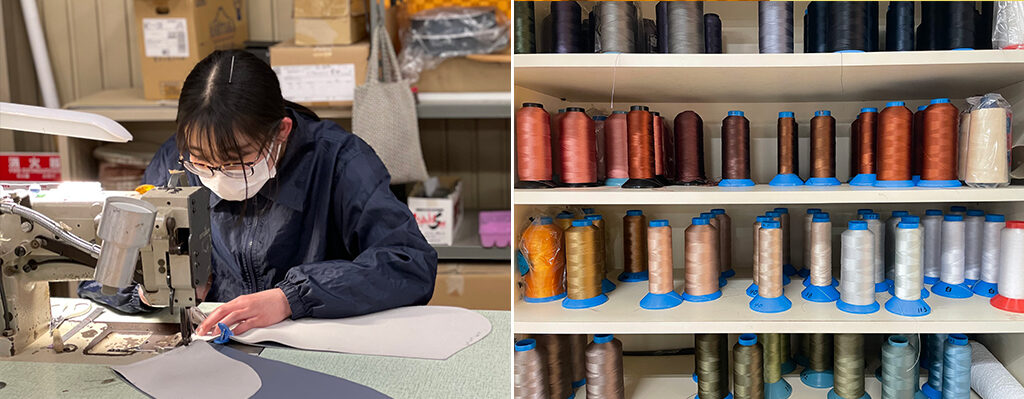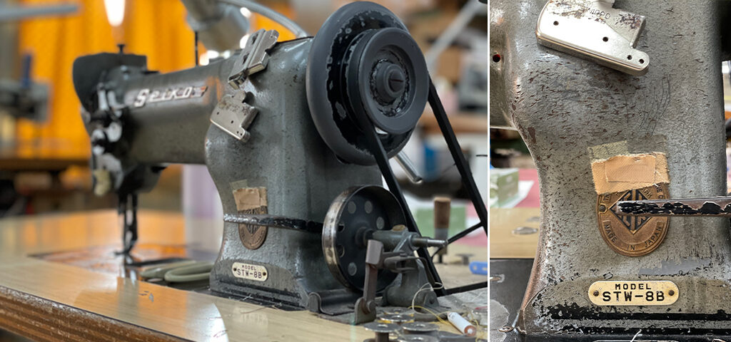 関東の工場では脚踏みミシンを数台使用していますが、それぞれ少しずつ踏み込み具合が異なるため、いつも使用しているミシン以外だとどうしても違和感を感じるそうです。中には自分のミシンを自分以外のスタッフが使うことを嫌がる方もいらっしゃるとのこと。
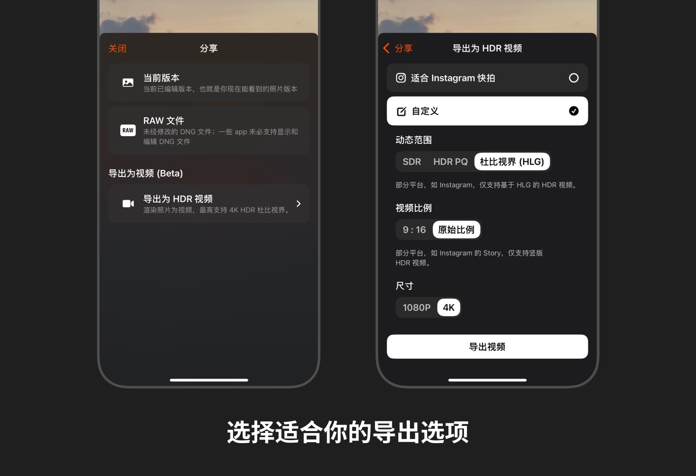 导出的视频将会是该照片的静止画面,使用上传到支持 HDR 视 频的平台,如 Instagram,小红书或抖音。之所以提供不同的导出选项,是因为不同平台支持的 HDR 格式以及视频规格不完全一致。以下是我根据我的使用经验得出的结论:
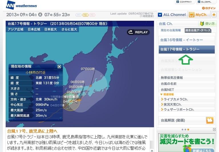 台風17号 私の愛称@@ シーチャンが呼んでくれてる名と同じ^^; 「トラジー」
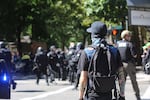 Portland police officers patrol a barricade between opposing groups at a rally in downtown Portland Sunday, Sept. 10, 2017.
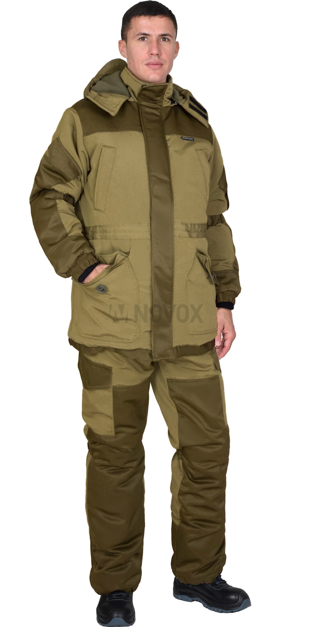 Материал утеплителя: Синтепон 150 г/м², состав 100% ПЭ, куртка – 3 слоя, брюки – 2 слоя.
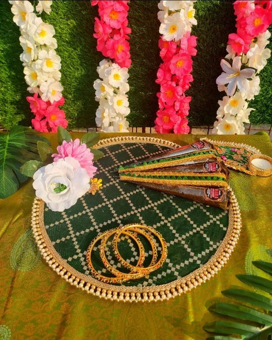 This decorative plate has been prepared in such a way that it can be used in your 2 ceremonies Haldi and Mehndi.
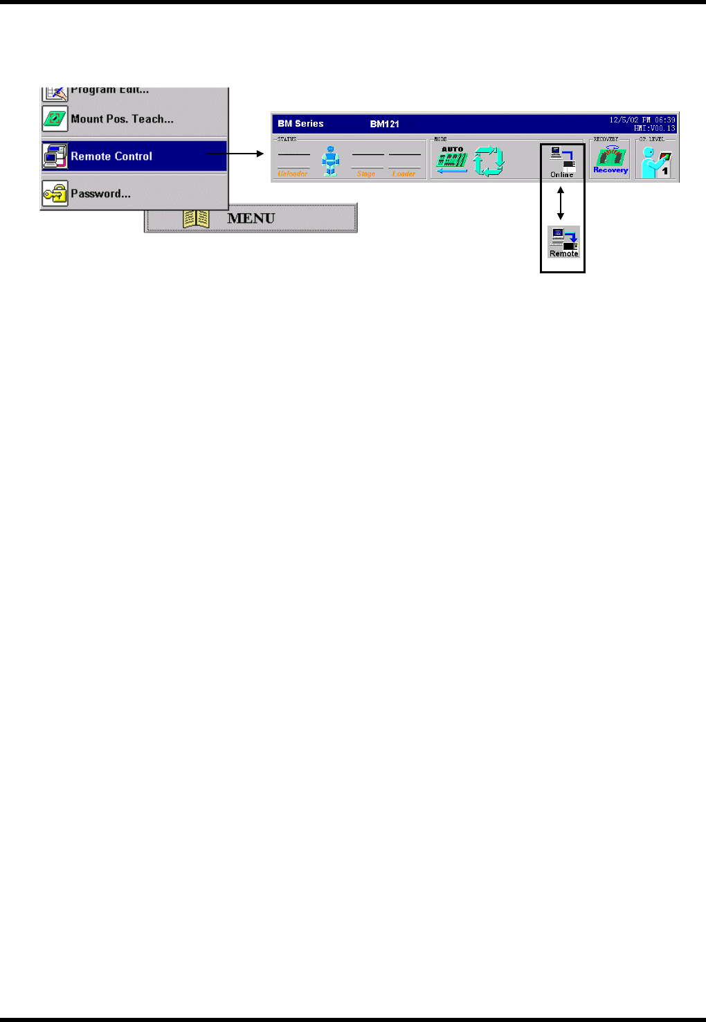 BM231 操作手册 4.3 生产 画面 E35OCC-15- 062-C0 4.3-7 4.3.12 < Remote Con trol > (遥控) 点击 < Rem ote Control > (遥控),通信模式会在 ‘O nline’ 和 ‘Rem ote’ 间切换。 在 ‘Remote’ 上加上 ‘Onlin e’ ,可从主机上进行 遥控。
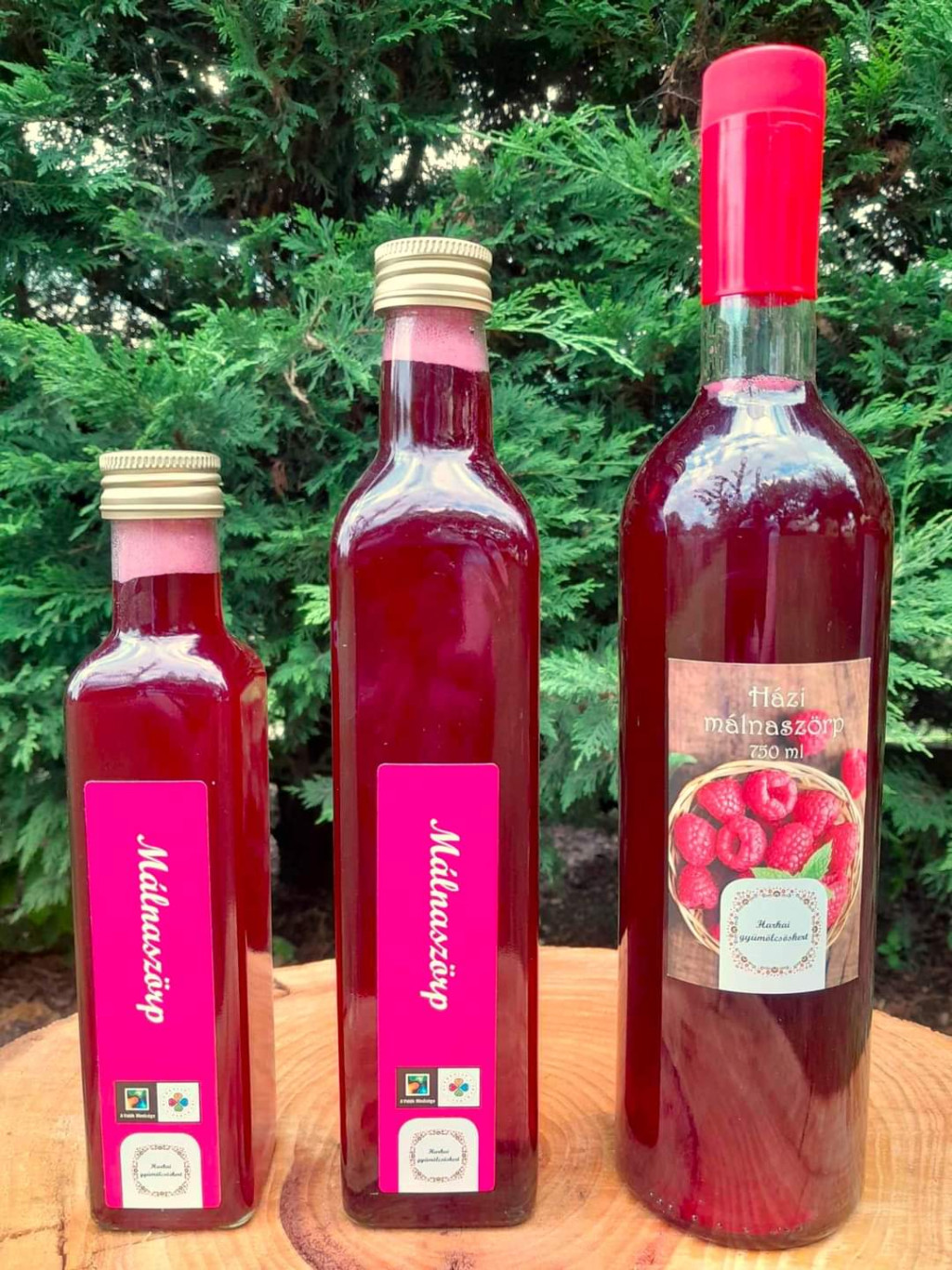 Málna gyümölcsszörp 62% málnalé-tartalommal, vegyszermentes málnából.
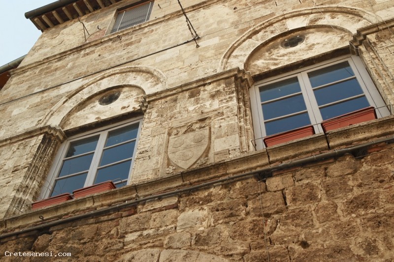 The architecture of the Asciano residence of the Tolomei family is characterized by a travertine façade opened by two very lovely late gothic windows with sharply arched gables. Despite modifications over time, it preserves the typical form of dwellings used for the commercial activities of the owners. It is characterized by a courtyard with a broad entrance way for loading and unloading goods.

Work instruction:
Repeat the records above exactly, leaving out the pictures.

Expected answer:
 関東の工場では脚踏みミシンを数台使用していますが、それぞれ少しずつ踏み込み具合が異なるため、いつも使用しているミシン以外だとどうしても違和感を感じるそうです。中には自分のミシンを自分以外のスタッフが使うことを嫌がる方もいらっしゃるとのこと。
 导出的视频将会是该照片的静止画面,使用上传到支持 HDR 视 频的平台,如 Instagram,小红书或抖音。之所以提供不同的导出选项,是因为不同平台支持的 HDR 格式以及视频规格不完全一致。以下是我根据我的使用经验得出的结论:
 台風17号 私の愛称@@ シーチャンが呼んでくれてる名と同じ^^; 「トラジー」
 Portland police officers patrol a barricade between opposing groups at a rally in downtown Portland Sunday, Sept. 10, 2017.
 Материал утеплителя: Синтепон 150 г/м², состав 100% ПЭ, куртка – 3 слоя, брюки – 2 слоя.
 This decorative plate has been prepared in such a way that it can be used in your 2 ceremonies Haldi and Mehndi.
 BM231 操作手册 4.3 生产 画面 E35OCC-15- 062-C0 4.3-7 4.3.12 < Remote Con trol > (遥控) 点击 < Rem ote Control > (遥控),通信模式会在 ‘O nline’ 和 ‘Rem ote’ 间切换。 在 ‘Remote’ 上加上 ‘Onlin e’ ,可从主机上进行 遥控。
 Málna gyümölcsszörp 62% málnalé-tartalommal, vegyszermentes málnából.
 The architecture of the Asciano residence of the Tolomei family is characterized by a travertine façade opened by two very lovely late gothic windows with sharply arched gables. Despite modifications over time, it preserves the typical form of dwellings used for the commercial activities of the owners. It is characterized by a courtyard with a broad entrance way for loading and unloading goods.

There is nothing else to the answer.